Ici je ferai remarquer que la fermeté était la qualité dominante dont se piquaient M. et miss Murdstone. Je ne sais pas quel nom j’eusse donné alors à cette fermeté, mais je sentais très-clairement que c’était, sous un autre nom, une véritable tyrannie, une humeur opiniâtre, arrogante et diabolique qui leur était commune à tous deux. Leur doctrine, la voici. M. Murdstone était ferme ; personne autour de lui ne devait être aussi ferme que M. Murdstone ; personne autour de lui ne devait être le moins du monde ferme, car tous devaient plier devant lui. Miss Murdstone faisait exception. Il lui était permis d’être ferme mais seulement par alliance, et à un degré inférieur et tributaire. Ma mère était une autre exception. Il lui était permis d’être ferme ; cela lui était même recommandé mais seulement à condition d’obéir à leur fermeté, et de croire fermement qu’il n’y avait qu’eux sur la terre qui eussent de la fermeté.
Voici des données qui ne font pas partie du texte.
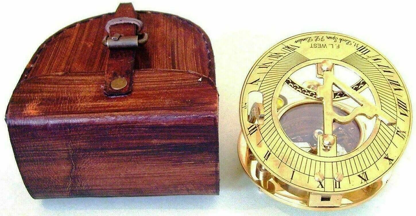 Step into a world of timeless elegance and nautical charm with our Brass Antique Vintage Handmade Nautical Sundial Compass. This meticulously crafted piece is more than just a navigational instrument; it is a blend of artistry, functionality, and historical significance. Perfectly sized and beautifully designed, it serves as an exquisite decorative item for both home and office environments.Key Features:Handmade Brass Construction: Each compass is expertly crafted from high-quality brass, showcasing the beauty and durability of vintage metalwork. The brass is polished to a rich, antique finish, highlighting the intricate detailing and craftsmanship that goes into each piece. This attention to detail ensures that each compass is unique, with its own distinct character and charm.Antique Nautical Design: The compass features a classic nautical design that echoes the style of historical maritime instruments. The antique finish and finely detailed engravings offer a glimpse into the past, making this compass a captivating piece for those who appreciate historical artifacts and maritime heritage.Integrated Sundial Functionality: In addition to its primary function as a compass, this piece includes a built-in sundial. The sundial feature adds an extra layer of historical intrigue and practical utility, allowing users to measure time as well as navigate. This dual functionality makes it a fascinating conversation piece and a functional tool for enthusiasts of historical navigation methods.Compact and Portable: With a diameter of 2.5 inches, the compass is compact and easy to carry. Its size makes it an ideal accessory for both personal use and display. The compact nature of the compass ensures that it fits comfortably in the hand or pocket, making it a convenient tool for those on the go.Elegant Leather Case: The compass comes with a finely crafted leather case that adds a touch of sophistication and ensures the protection of the compass. The leather case is designed with a vintage aesthetic, featuring a soft, supple texture and a secure closure. This protective case not only safeguards the compass but also enhances its presentation, making it a refined gift option.Perfect for Gifting: This brass compass is an exceptional gift choice for various occasions. Whether celebrating a milestone, marking a special event, or simply looking for a thoughtful present, this compass is sure to impress. Its combination of historical charm and practical functionality makes it a memorable gift for birthdays, anniversaries, retirements, or any special occasion.Decorative Appeal: The compass makes a stunning addition to any home or office decor. Its antique design and brass finish add a touch of elegance and sophistication to any setting. Whether displayed on a desk, bookshelf, or mantel, this compass serves as a beautiful and functional decorative piece.
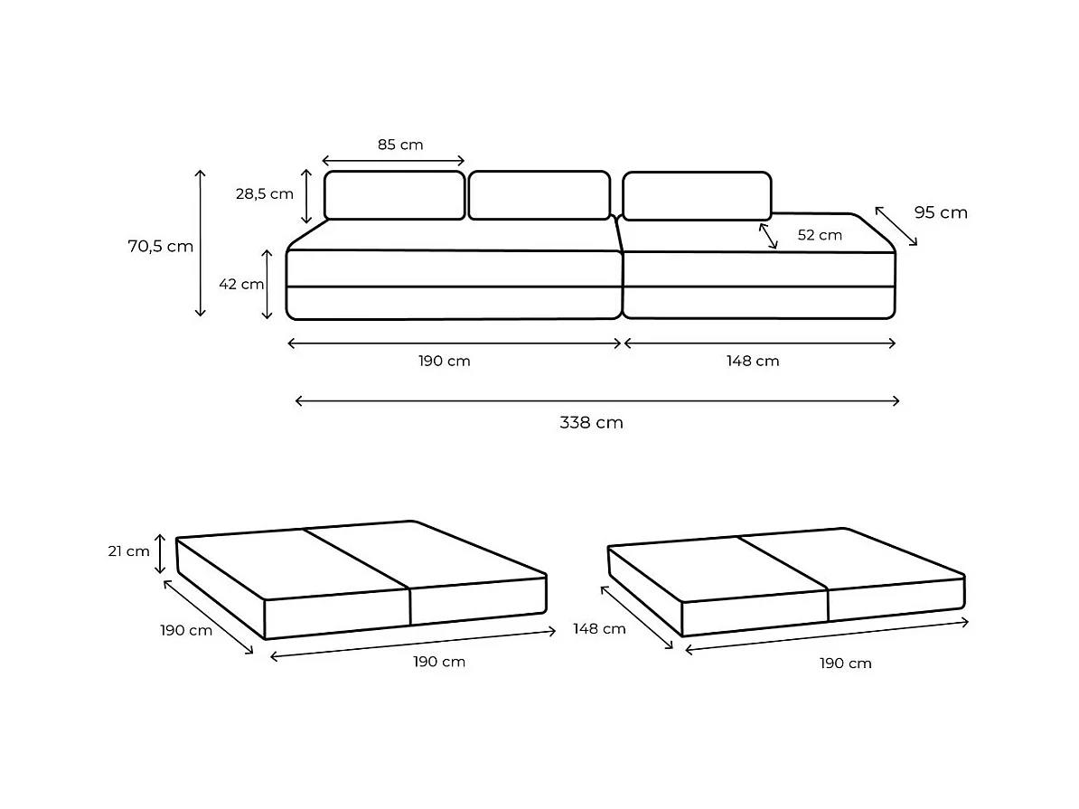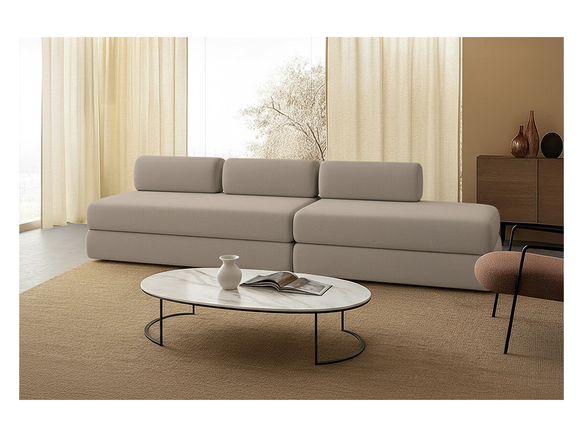 Canapé droit modulable et convertible 5 places - Tissu lisse - Taupe
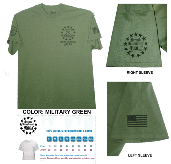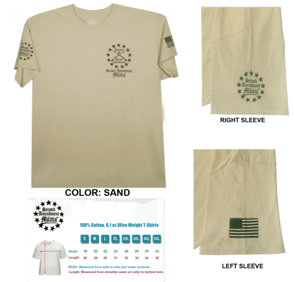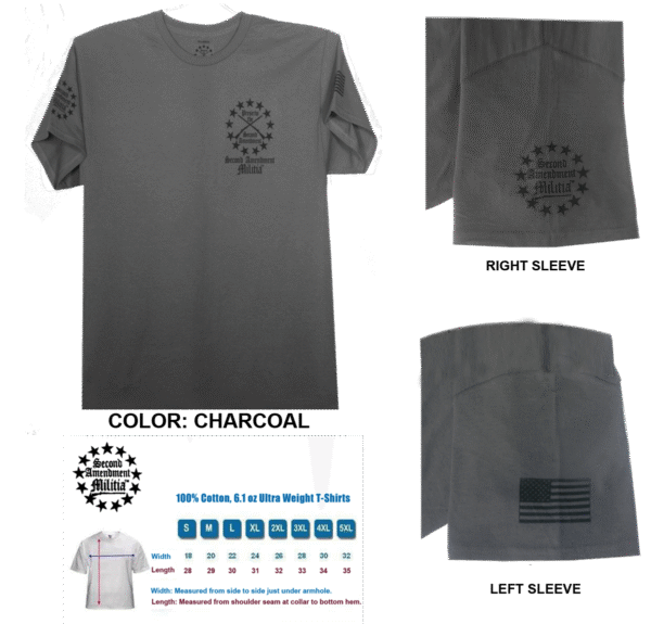 - Printed in 4 locations: Front left chest, back, and both sleeves, plus a printed neck label for comfort and features the Second Amendment Militia logo.
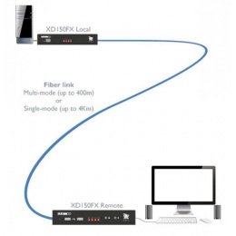 The ADDERLink® XD150FX high-performance KVM (Keyboard, Video, Mouse) transmits high resolution video, USB 2.0 and audio signals up to 4km (2.5miles), complemented with support for a wide range of USB devices. Critical hardware can be located in a secure, temperature controlled environment with the same desktop experience is maintained through real-time, lossless extension to the user work station.

« Il est bien dur, disait ma mère, que dans ma maison…

— Dans ma maison ? répéta M. Murdstone. Clara !

— Dans notre maison, je veux dire, balbutia ma mère, évidemment très-effrayée, j’espère que vous savez ce que je veux dire, Édouard, il est bien dur que dans notre maison je n’aie pas la permission de dire un mot sur les affaires du ménage. Je m’en tirais certainement très-bien avant notre mariage. Il y a des témoins, dit ma mère en sanglotant, demandez à Peggotty si je ne m’en tirais pas très-bien quand on ne se mêlait pas de mes affaires.

— Édouard, dit miss Murdstone, mettons fin à tout ceci. Je pars demain.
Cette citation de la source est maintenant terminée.